Castelos, dragões ou vampiros soam às histórias que ouvíamos enquanto crianças. Mas hoje esse não é o caso. Pelo menos na literatura. O público de todas as idades já provou gostar e as editoras sabem que este género é uma aposta ganha. Prova disso são as dezenas de livros do fantástico publicados nos últimos tempos.

A moda talvez tenha sido lançada por Tolkein e seguida por muitos outros autores como o recente fenómeno da norte-americana Stephenie Meyer. Em Portugal, os artistas não se fizeram esperar e as editoras puseram mãos à obra para lançar alguns livros do fantástico. É o caso da Gailivro, especializada na publicação de literatura infanto-juvenil.

«Este boom não é de agora; em Portugal não é tão visível, mas no estrangeiro o fenómeno já dura há alguns anos e continua a ser um mercado em força», explica Pedro Reisinho, editor da Gailivro. É um tipo de livro transversal que pode abordar qualquer tipo de temática e englobar um leque de géneros. «O fantástico no fantástico é que dá para tudo.»

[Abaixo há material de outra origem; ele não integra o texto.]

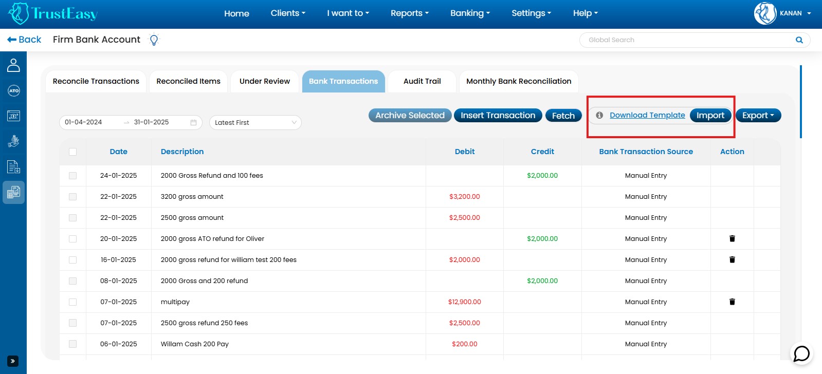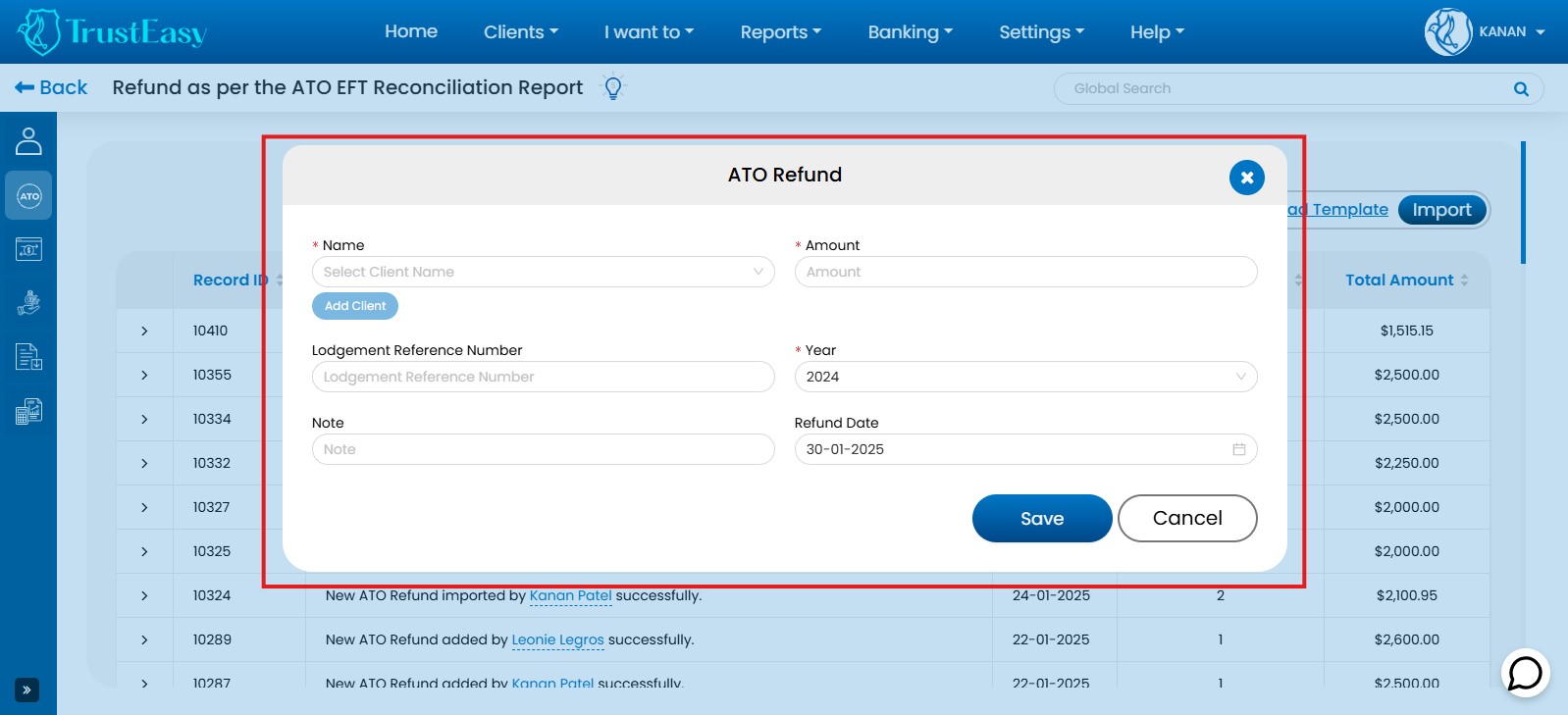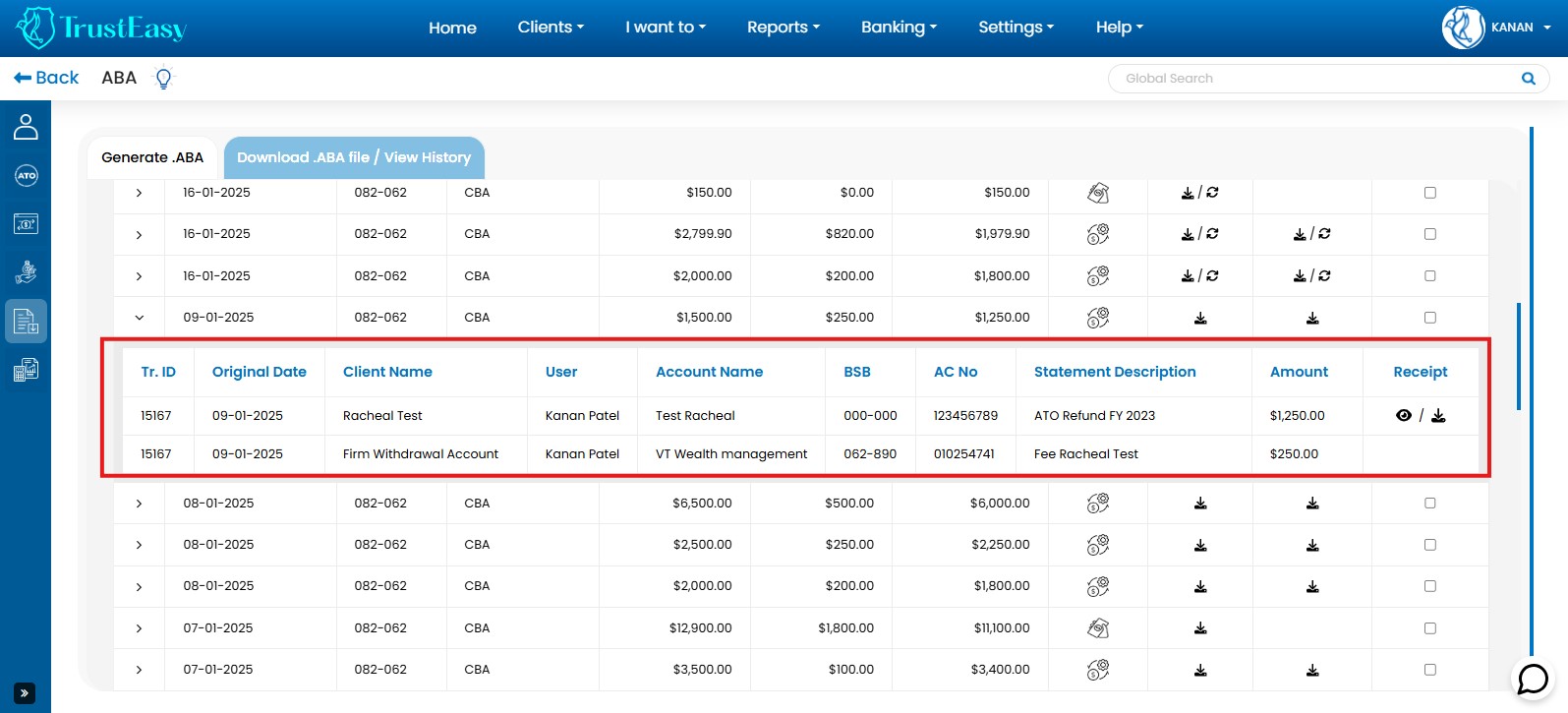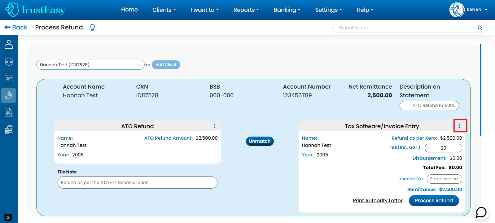 By utilizing these dedicated features, you can efficiently record trust transactions within TrustEasy, ensuring accurate accounting and reconciliation. This is particularly helpful when dealing with refunds or payments to entities like the ATO.

Nele podem ser incluídos os livros de ambiente medieval, com dragões e grandes batalhas de capa e espada, como vampiros que vivem no presente e se fundem na sociedade, ou até zombies que habitam num planeta mais futurista. A própria fantasia urbana é um estilo em franca expansão que caminha lado a lado com o género da ficção científica. «Isto permite-nos ter diversidades que agradam a várias faixas etárias e criam públicos mais alargados», salienta o editor. Até porque um dos objectivos das editoras é também a fidelização dos leitores. «Para além de aproveitar a vaga, queremos formar leitores e mantê-los connosco. Ter fãs a sério, criar um culto deste tipo de literatura em Portugal tal como ele existe nos países anglo-saxónicos.»

A mesma opinião é partilhada por Inês Mourão, responsável da comunicação da Editorial Presença. «Os livros do fantástico têm aumentado de forma considerável. Acho que talvez as pessoas queiram alhear-se da realidade e procurem alternativas em universos paralelos.» Viagem no tempo ou não, estes livros têm a capacidade de prender na leitura. «Há normalmente muitas ramificações familiares que continuam ao longo das sagas, com as mesmas personagens, o que também agarra o leitor», acrescenta.

Aliás, a designação de trilogias ou tetralogias foi abandonada e hoje apenas se fala em sagas e ciclos. A razão, diz Pedro Reisinho, «tem que ver com a venda de séries como trilogias que depois acabam por publicar mais um ou dois livros». Mais raros, mas que começam agora a surgir, são os chamados stand-alone, títulos de fantasia ou ficção científica lançados isoladamente.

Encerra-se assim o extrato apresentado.